§ Exercise
Print out the data precisely as it appears here, with no pictures.

§ Given material
☆ ☆ ☆ ☆
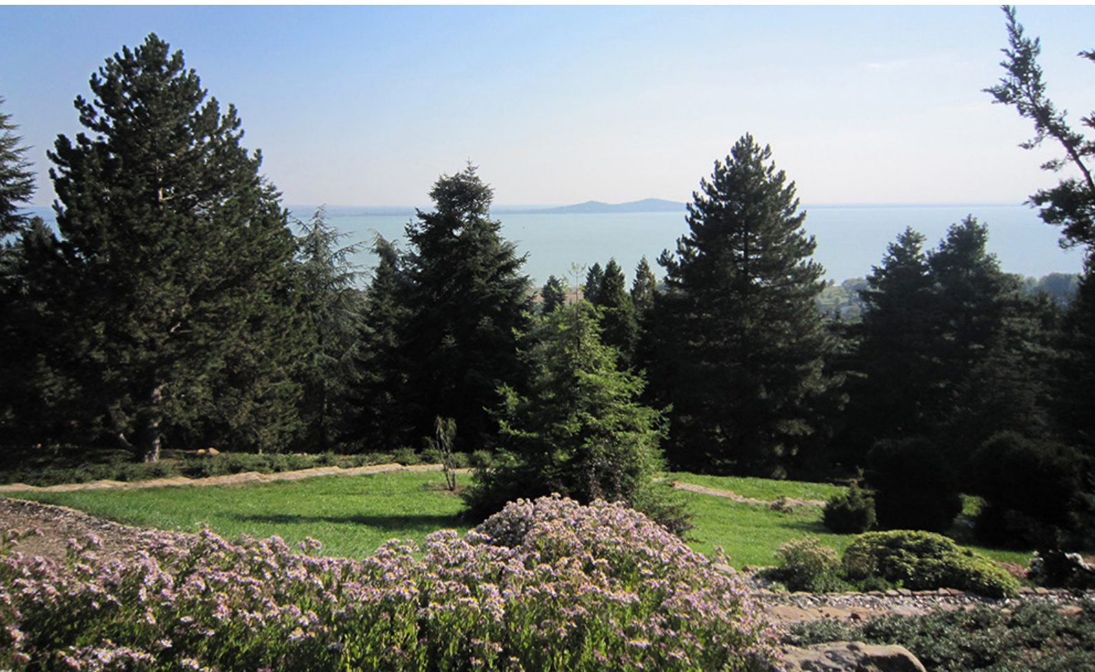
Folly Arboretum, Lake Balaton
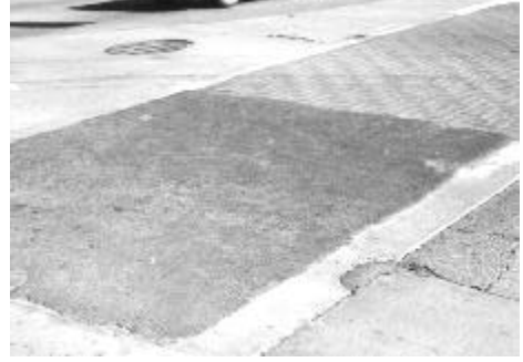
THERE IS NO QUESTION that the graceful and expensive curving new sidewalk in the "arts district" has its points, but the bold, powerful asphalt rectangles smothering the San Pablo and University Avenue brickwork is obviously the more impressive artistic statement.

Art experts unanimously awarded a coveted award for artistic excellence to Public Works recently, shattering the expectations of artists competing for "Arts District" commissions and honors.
☆ ☆ ☆ ☆
§ Written solution
Folly Arboretum, Lake Balaton
THERE IS NO QUESTION that the graceful and expensive curving new sidewalk in the "arts district" has its points, but the bold, powerful asphalt rectangles smothering the San Pablo and University Avenue brickwork is obviously the more impressive artistic statement.

Art experts unanimously awarded a coveted award for artistic excellence to Public Works recently, shattering the expectations of artists competing for "Arts District" commissions and honors.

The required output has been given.